What Happens to a Partnership’s Assets and Liabilities upon Dissolution?

5 juillet 2018 | Rachel Haack | Regina

( Disponible en anglais seulement )

A partnership is “the relation that subsists between persons carrying on a business in common with a view of profit” (The Partnership Act (Saskatchewan), RSS 1978, c P-3, section 3(1)). Partnerships can be formed in relation to any trade, occupation, profession or business. However, unlike corporations formed pursuant to The Business Corporations Act (Saskatchewan), RSS 1978, c B-10, a partnership is not a legal entity distinct from the partners of whom it is composed.

Partnerships may be created with little or no formalities. However, once formed, a partnership may be challenging to dissolve. Often, partners have close interconnections in relation to the business ventures being carried on by the partnership.

A partnership agreement can assist the partners in determining their respective roles and obligations. The partnership agreement will often be the guiding document upon dissolution of the partnership. It can address, among other things, the number of partners, the assets of the partnership, and the manner of dissolution of the partnership.
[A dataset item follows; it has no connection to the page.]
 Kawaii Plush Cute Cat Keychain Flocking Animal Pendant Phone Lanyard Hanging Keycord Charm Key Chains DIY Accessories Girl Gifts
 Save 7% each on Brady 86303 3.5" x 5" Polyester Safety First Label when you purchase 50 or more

If the parties do not enter into a partnership agreement that addresses the distribution of assets and liabilities at the time of forming their partnership, then The Partnership Act will apply.

Section 46 of The Partnership Act outlines the rules for distribution of assets and liabilities of a partnership upon dissolution that will apply if the division of assets has not been addressed in a partnership agreement. In settling accounts between the partners after a dissolution of partnership the following rules apply:

  1. Losses, including losses and deficiencies of capital, shall be paid first out of profits, next out of capital, and lastly if necessary by the partners individually in the proportion in which they were entitled to share profits;
  2. The assets of the firm, including the sums, if any, contributed by the partners to make up losses or deficiencies of capital shall be applied in the following manner and order:
    1. in paying the debts and liabilities of the firm to persons who are not partners therein;
    2. in paying to each partner rateably what is due from the firm to him for advances as distinguished from capital;
    3. in paying to each partner rateably what is due from the firm to him in respect of capital;
    4. the residue, if any, shall be divided among the partners in the proportion in which profits are divisible.

Additionally, where the partnership generates profits after dissolution using partnership assets (prior to a final settlement of accounts between the firm and an outgoing partner), then the outgoing partner may be entitled to share in the profits made since the dissolution of the partnership, or to interest on the amount of their share of the partnership assets (The Partnership Act, section 44).

Only partnership assets are to be divided among partners upon dissolution. If assets were used by the partnership, but did not form part of the partnership assets, then those assets will not be divided upon dissolution (see, for example, Hansen v Hansen, 2005 SKQB 436).

If partners want a distribution of losses or assets other than as set out in The Partnership Act, they should enter into a detailed written partnership agreement which provides for alternate terms of distribution upon dissolution.